Les douleurs inattendues sont toujours les plus violentes.
Mais il y a une douleur pire que toutes celles-là.
C’est quand tu réalises, après des mois de travail acharné — des dizaines d’articles rédigés, un design peaufiné, un compte Pinterest alimenté chaque jour — que tu as construit ta maison sur un marais.
Ta niche est pourrie.
Pas « un peu difficile ». Pas « compétitive ». Pourrie. Structurellement incapable de te rapporter le moindre centime, même si tu faisais tout parfaitement.
Et le pire, c’est que personne ne te le dit avant que tu aies investi des centaines d’heures dedans. Parce que les gourous qui te conseillent de « suivre ta passion » n’ont jamais pris la peine de vérifier si cette passion pouvait nourrir un être humain.
Aujourd’hui, je joue les voyants. Pour t’éviter de perdre ton temps, ton énergie, et ta motivation dans un gouffre.
Voici les 7 types de niches qui vont te ruiner. Et pourquoi tu dois les fuir comme la peste.
1. Le terrain miné des audiences fauchées
Voici un piège classique.
Tu choisis une niche qui attire du monde. Beaucoup de monde. Les articles se référencent bien, le trafic monte, tu te sens sur la bonne voie.
Sauf que ton audience n’a pas de carte bleue.
Un blog qui aide les étudiants fauchés à survivre avec 200€ par mois ? Tu auras des lecteurs. Mais ces lecteurs n’achèteront jamais ta formation à 47€. Parce que 47€, c’est leur budget courses de la semaine.
Un blog de fiches de révision pour lycéens ? Super idée. Sauf que les lycéens n’ont pas de moyens de paiement.
C’est le problème qu’avait un blogueur en finances personnelles dont j’ai entendu parler : il avait orienté son blog sur « sortir vos finances de la zone rouge ». Du trafic, oui. Des ventes ? Quatre. Parce que les gens à -1000€ sur leur compte en banque ne peuvent pas acheter une formation sur l’épargne. Ils essaient de payer le loyer.
La règle : vérifie toujours que ton audience cible a les moyens de payer pour tes solutions. Pas juste l’envie. Les moyens.
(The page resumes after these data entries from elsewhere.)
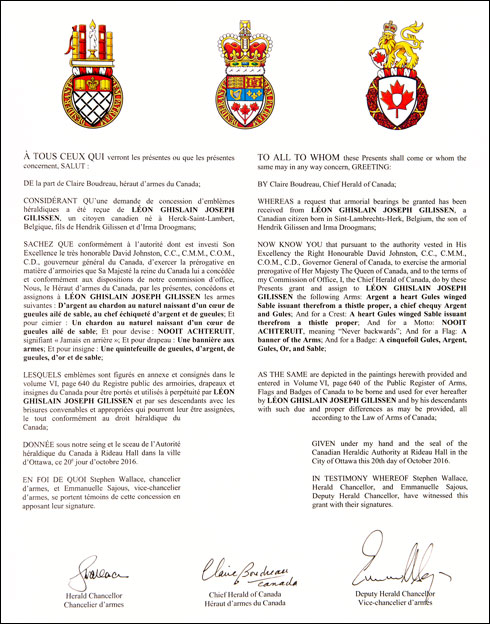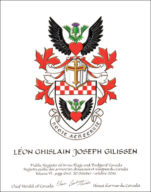 Arms of Léon Ghislain Joseph GilissenBlazonArgent a heart Gules winged Sable issuant therefrom a thistle proper, a chief chequy Argent and Gules; SymbolismWhite represents order and justice, and is thus symbolic of the field to which Mr. Gilissen devoted his career as a police officer. The chequerboard pattern, shown in the colours of Canada, his adopted country, illustrates the multitude and diversity of his ancestors. The heart symbolizes Mr. Gilissen’s love for genealogy, a quest which suggests his forebears migrated to Belgium from Scotland, and from Scandinavia prior to that. The thistle is the emblem of Scotland, while the wings represent both the family’s travels and its ancient Nordic roots, the raven being a recurrent theme in Scandinavian mythology. The combination consisting of a heart with a flower and wings is inspired by other arms used by Gilissen families. There is speculation that the heart was an indication of British origins and that the wings referred to the family’s flight during the turmoil that shook the Spanish Netherlands in the 16th century. |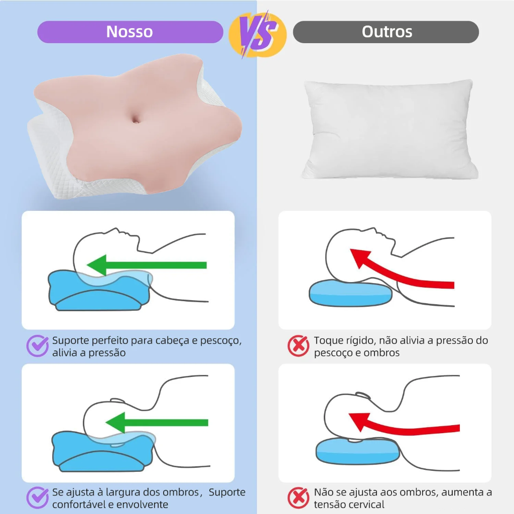 Dormir em um travesseiro comum é como tentar equilibrar sua coluna em uma nuvem sem suporte. Sua cabeça afunda, seu pescoço fica desalinhado e suas vértebras cervicais sofrem uma pressão constante por 8 horas seguidas. O resultado? Torcicolos, dores de cabeça crônicas e um dia que começa com mau humor e cansaço.
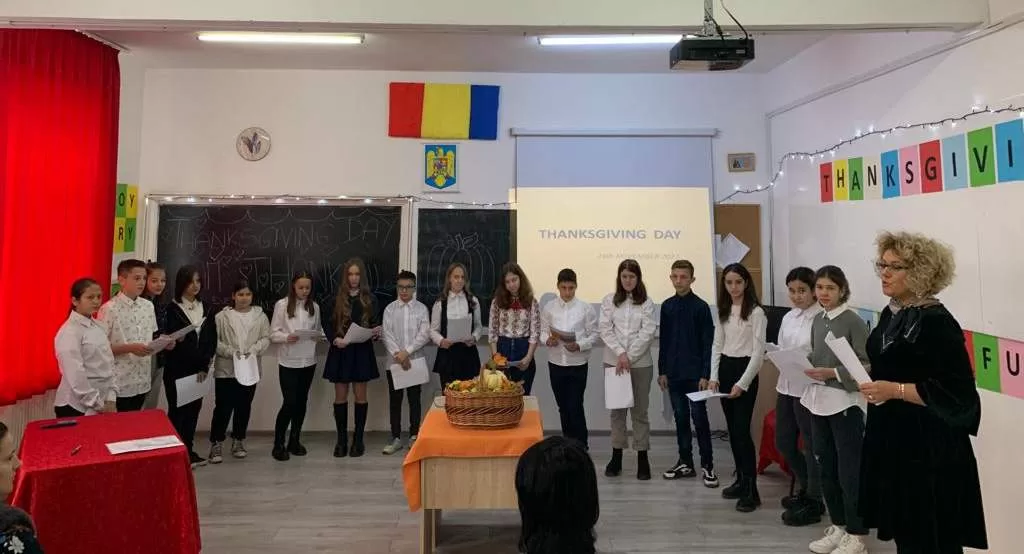 Sub directa îndrumare a doamnei diriginte, elevii clasei a VI-a A, au decorat clasa în spiritul sărbătorii care aduce cu sine și sfârșitul toamnei, cu ghirlande luminoase, frunze uscate, coș cu fructe de sezon, panouri cu citate și desene depre Ziua Recunoștinței, dar și prezentarea unui power- point cu semnificația acestei sărbători americane, printr-o incursiune în timp (Ce este Thanksgiving/ Ziua Recunoștinței? Unde și când este sărbătorită?, despre James I și decizia pelerinilor de a migra spre Nordul Americii, despre indienii Wampanoag și contribuția lor, despre ambarcațiunea Mayflower, prima iarnă pe tărâm străin, prima lor cină, drept recunoștință îndreptată divinității, dar și simboluri și citate semnificative pentru această sărbătoare). După expunerea bilingvă a materialului power-point în fața auditoriului, elevii au suținut un mini-recital cu poezii și cântece, în limbile engleză, italiană și franceză (Gratitude Song, Harvest Song, L’autunno, etc) pentru a marca sărbatoarea americană, dar și sfârșitul de toamnă.
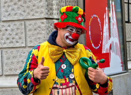 Belgrade, Serbia - February 27, 2016: Street clown in a busy pedestrian street in the heart of Belgrade entertains passers-by and children
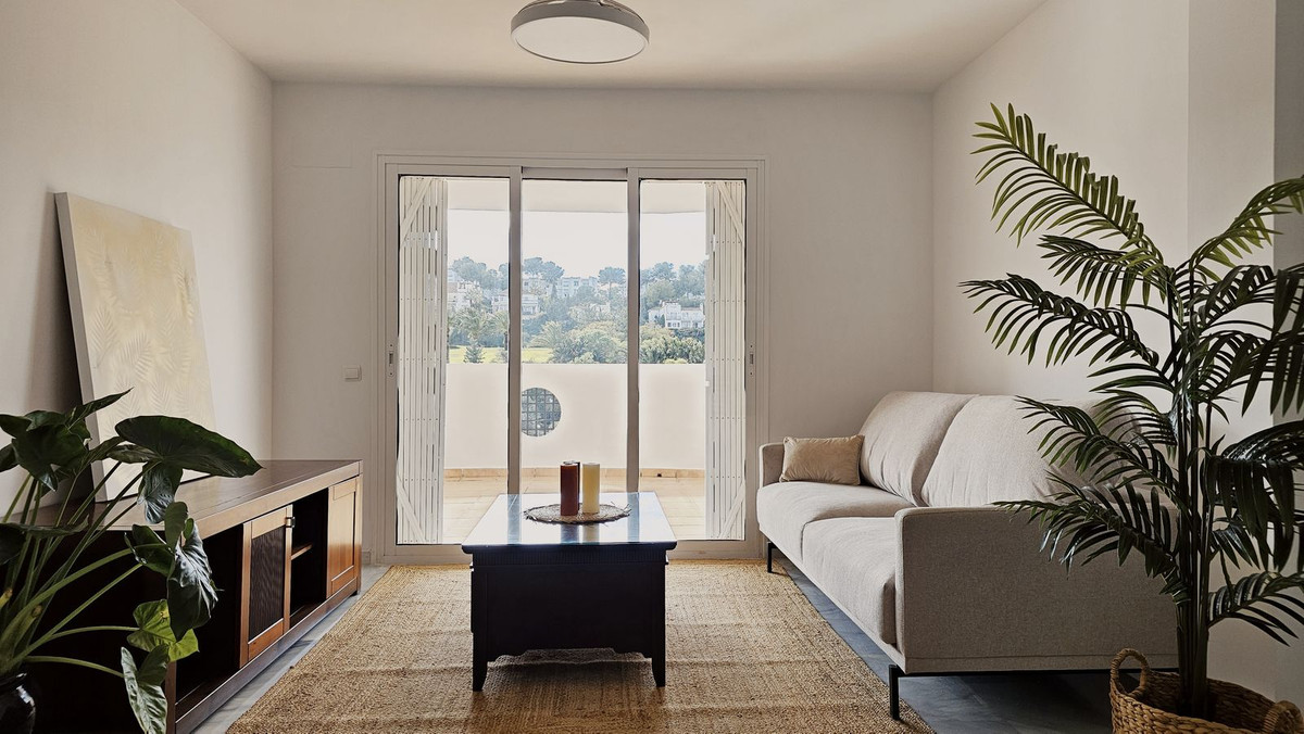 Beautiful 3 bedroom + 2 bathroom apartment for sale in Miraflores area. Spacious south & west facing covered terrace with open green views to the Miraflores golf course and gardens. Nice and quiet location only few minutes drive away from the beach village La Cala de Mijas and the amenities in Riviera del Sol. No lift, but the apartment is located only 8 steps from the street level. It's a third floor apartment, but there is an entrance from the street behind the building, and that entrance is b...

2. La niche « passion solo » sans besoin de transformation
Tu adores les timbres. Tu connais tout sur la philatélie. Tu pourrais en parler pendant des heures.
Magnifique.
Mais est-ce que quelqu’un va payer pour une formation sur les timbres ? Probablement pas. Les passionnés de timbres veulent des timbres, pas des cours.
C’est la différence entre une passion qui consomme des produits et une passion qui a besoin de formation. La musculation ? Les gens veulent apprendre à mieux s’entraîner. La guitare ? Les gens veulent progresser. La philatélie ? Les gens veulent juste… acheter des timbres.
Si ta niche n’implique pas une transformation — passer d’un état A à un état B désirable — tu auras du mal à vendre quoi que ce soit. Du contenu, oui. Des revenus, non.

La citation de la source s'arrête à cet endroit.